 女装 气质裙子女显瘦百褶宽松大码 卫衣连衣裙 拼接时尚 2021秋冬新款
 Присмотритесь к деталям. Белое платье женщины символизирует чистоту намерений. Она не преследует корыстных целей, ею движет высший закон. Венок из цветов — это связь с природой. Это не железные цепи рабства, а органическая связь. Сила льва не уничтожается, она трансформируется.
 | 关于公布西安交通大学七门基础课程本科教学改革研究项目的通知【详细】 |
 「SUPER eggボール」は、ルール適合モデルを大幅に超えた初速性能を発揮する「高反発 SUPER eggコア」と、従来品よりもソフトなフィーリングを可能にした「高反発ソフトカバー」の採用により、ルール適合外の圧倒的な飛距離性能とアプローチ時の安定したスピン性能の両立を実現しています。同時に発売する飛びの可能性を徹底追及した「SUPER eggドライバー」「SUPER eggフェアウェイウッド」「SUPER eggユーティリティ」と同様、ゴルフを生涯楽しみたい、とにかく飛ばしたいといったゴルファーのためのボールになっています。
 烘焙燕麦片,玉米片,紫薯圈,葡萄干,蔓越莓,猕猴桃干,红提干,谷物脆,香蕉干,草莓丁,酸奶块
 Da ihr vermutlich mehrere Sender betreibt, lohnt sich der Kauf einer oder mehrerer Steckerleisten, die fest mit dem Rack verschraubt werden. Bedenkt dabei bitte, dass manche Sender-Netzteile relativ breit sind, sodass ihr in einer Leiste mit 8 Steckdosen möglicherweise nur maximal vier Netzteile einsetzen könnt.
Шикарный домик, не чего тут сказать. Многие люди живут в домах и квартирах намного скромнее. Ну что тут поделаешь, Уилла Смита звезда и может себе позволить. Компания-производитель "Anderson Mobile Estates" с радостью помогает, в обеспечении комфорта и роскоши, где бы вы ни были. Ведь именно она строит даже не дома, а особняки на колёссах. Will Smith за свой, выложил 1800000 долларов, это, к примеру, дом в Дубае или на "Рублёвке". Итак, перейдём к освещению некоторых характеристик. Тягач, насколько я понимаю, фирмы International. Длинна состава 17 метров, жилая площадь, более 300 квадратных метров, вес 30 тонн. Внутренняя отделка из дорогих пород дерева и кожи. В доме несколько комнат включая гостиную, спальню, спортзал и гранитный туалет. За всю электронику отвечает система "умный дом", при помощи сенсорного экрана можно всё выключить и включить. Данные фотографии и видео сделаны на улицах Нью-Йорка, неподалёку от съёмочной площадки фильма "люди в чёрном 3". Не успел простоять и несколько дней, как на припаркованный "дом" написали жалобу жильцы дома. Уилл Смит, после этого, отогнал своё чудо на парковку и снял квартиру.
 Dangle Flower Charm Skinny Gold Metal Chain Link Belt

================

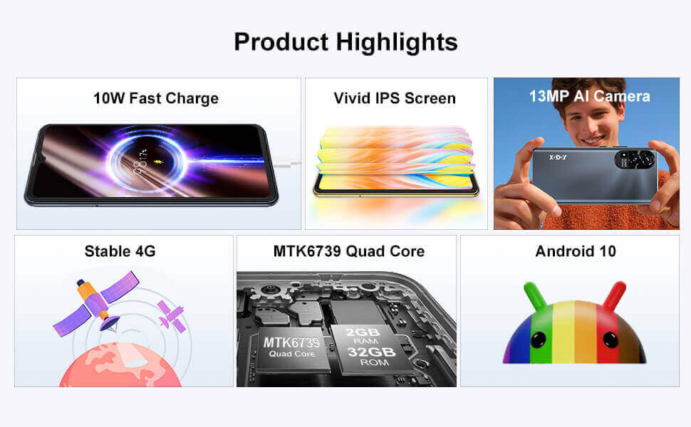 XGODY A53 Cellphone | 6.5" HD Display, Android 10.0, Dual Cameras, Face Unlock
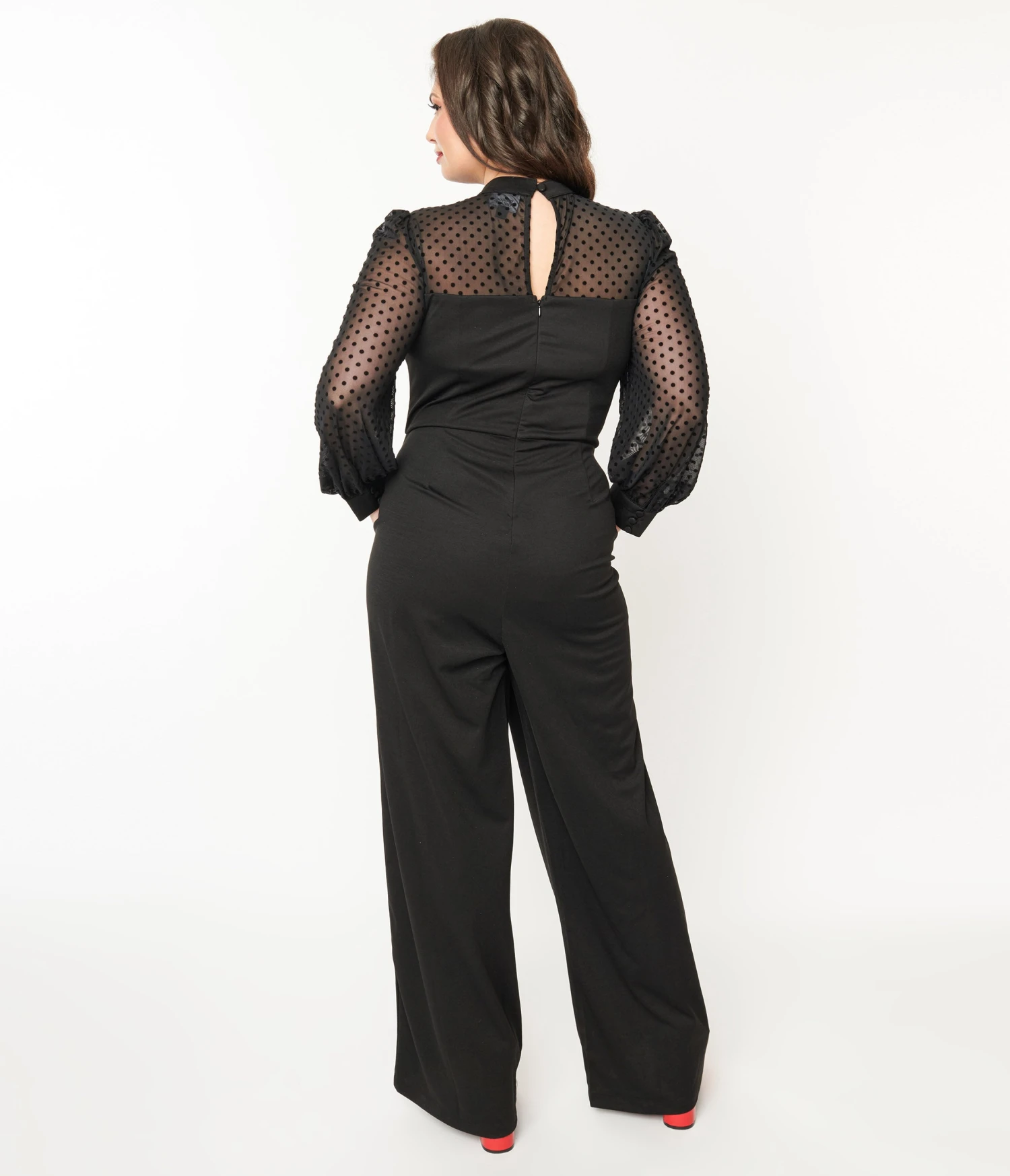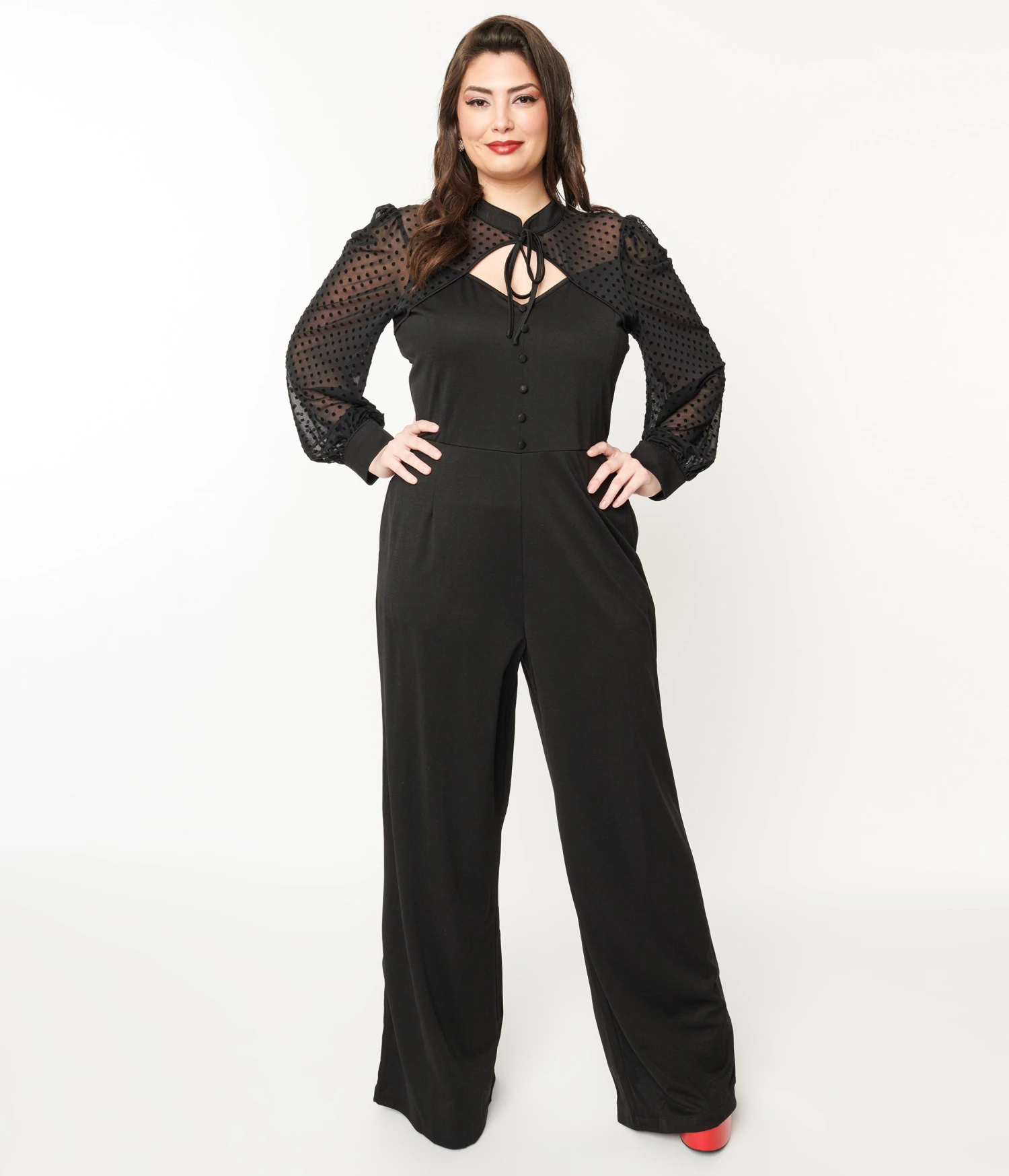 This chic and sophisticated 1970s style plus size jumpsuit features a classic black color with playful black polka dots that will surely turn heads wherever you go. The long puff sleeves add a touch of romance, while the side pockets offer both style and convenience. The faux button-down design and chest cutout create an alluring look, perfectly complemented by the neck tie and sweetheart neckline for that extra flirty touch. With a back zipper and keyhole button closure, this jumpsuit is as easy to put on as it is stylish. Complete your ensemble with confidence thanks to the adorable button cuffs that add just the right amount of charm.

================

* _Exercise aim_: Within the listing above, extract exactly the lines from the line with "女装 气质裙子女显瘦百褶宽松大码 卫衣连衣裙 拼接时尚 2021秋冬新款" to the line with "Da ihr vermutlich", the two named lines included, and no others.

* _Response_:
 女装 气质裙子女显瘦百褶宽松大码 卫衣连衣裙 拼接时尚 2021秋冬新款
 Присмотритесь к деталям. Белое платье женщины символизирует чистоту намерений. Она не преследует корыстных целей, ею движет высший закон. Венок из цветов — это связь с природой. Это не железные цепи рабства, а органическая связь. Сила льва не уничтожается, она трансформируется.
 | 关于公布西安交通大学七门基础课程本科教学改革研究项目的通知【详细】 |
 「SUPER eggボール」は、ルール適合モデルを大幅に超えた初速性能を発揮する「高反発 SUPER eggコア」と、従来品よりもソフトなフィーリングを可能にした「高反発ソフトカバー」の採用により、ルール適合外の圧倒的な飛距離性能とアプローチ時の安定したスピン性能の両立を実現しています。同時に発売する飛びの可能性を徹底追及した「SUPER eggドライバー」「SUPER eggフェアウェイウッド」「SUPER eggユーティリティ」と同様、ゴルフを生涯楽しみたい、とにかく飛ばしたいといったゴルファーのためのボールになっています。
 烘焙燕麦片,玉米片,紫薯圈,葡萄干,蔓越莓,猕猴桃干,红提干,谷物脆,香蕉干,草莓丁,酸奶块
 Da ihr vermutlich mehrere Sender betreibt, lohnt sich der Kauf einer oder mehrerer Steckerleisten, die fest mit dem Rack verschraubt werden. Bedenkt dabei bitte, dass manche Sender-Netzteile relativ breit sind, sodass ihr in einer Leiste mit 8 Steckdosen möglicherweise nur maximal vier Netzteile einsetzen könnt.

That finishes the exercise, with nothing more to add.